Turnitin is software in Canvas that evaluates student assignment submissions for originality during the upload process. Instructors use the originality scoring as a possible indicator of plagiarism. Instructors can configure Turnitin to allow the student to be informed regarding their originality score and adjust their submission accordingly. This document summarizes the accessibility and usability barriers identified during testing as well as how to get help.

    

Get help

  • Contact the DoIT Help Desk for general assistance. Reach the Help Desk by phone at 608.264.4357, email at help@doit.wisc.edu or visit their KnowledgeBase.

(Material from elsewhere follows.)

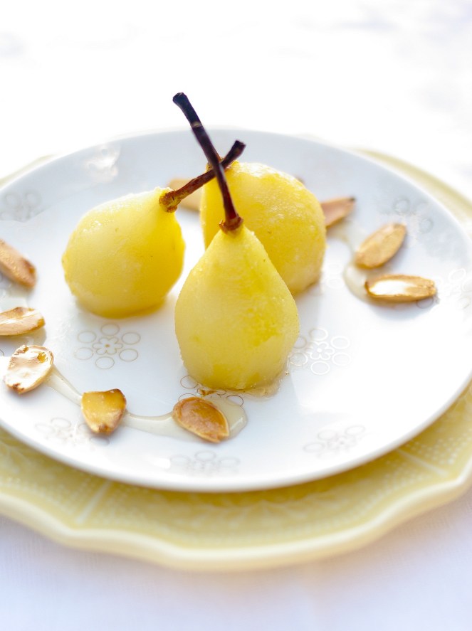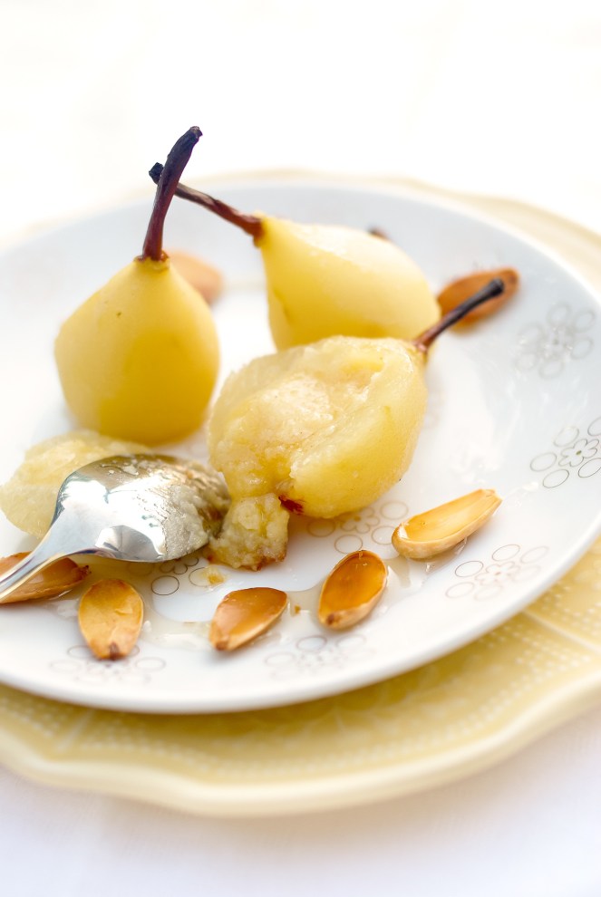 Un de mes poiriers a donné de toutes petites poires et plutôt que de les manger directement (trop jolies pour ça), j’ai préféré les utiliser dans un dessert. Et j’ai pensé à une recette d’un participant de Top chef 2011 (Alexis Braconnier) où il avait épaté le jury avec ses poires pochées à la vanille et crème d’amande. Je ne suis pas très fan des poires pochées car je trouve ça un peu lourd de manger une poire entière au sirop, mes mini poires étaient donc parfaites pour cette recette ! Et avec une crème d’amande, difficile d’y résister. Une sorte de tarte bourdaloue inversée, il suffit d’accompagner la poire d’un petit sablé !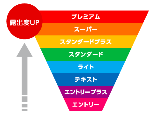 「プレミアム」「スーパー」「スタンダードプラス」「スタンダード」「ライト」「テキスト」「エントリープラス」「エントリー」の8プランをご用意しています。

  • For accessibility or usability assistance for Turnitin, please contact learnuwsupport@wisc.edu.

Additional resources

Accessibility and usability barriers 

The following information is provided to help people with disabilities know what potential barriers may exist and to help people who support them. This is not a comprehensive list of accessibility barriers, but gives a sample of the kinds of barriers that the product has.

Screen reader barriers limit access for individuals using screen readers, such as people who are blind or who have a learning disability.

Using Turnitin requires uploading a document, which is then reviewed in the Turnitin Feedback Studio. The uploaded document in Feedback Studio is not screen reader accessible.   

Small click targets may create barriers with people with motor disabilities.

There are two clickable elements that are needed to enter the Turnitin application. Both of them are very small, and would be hard for someone who uses a mouse and has motor disabilities to accurately click.

A table with a mysterious, unlabeled (visually) icon. See caption for details.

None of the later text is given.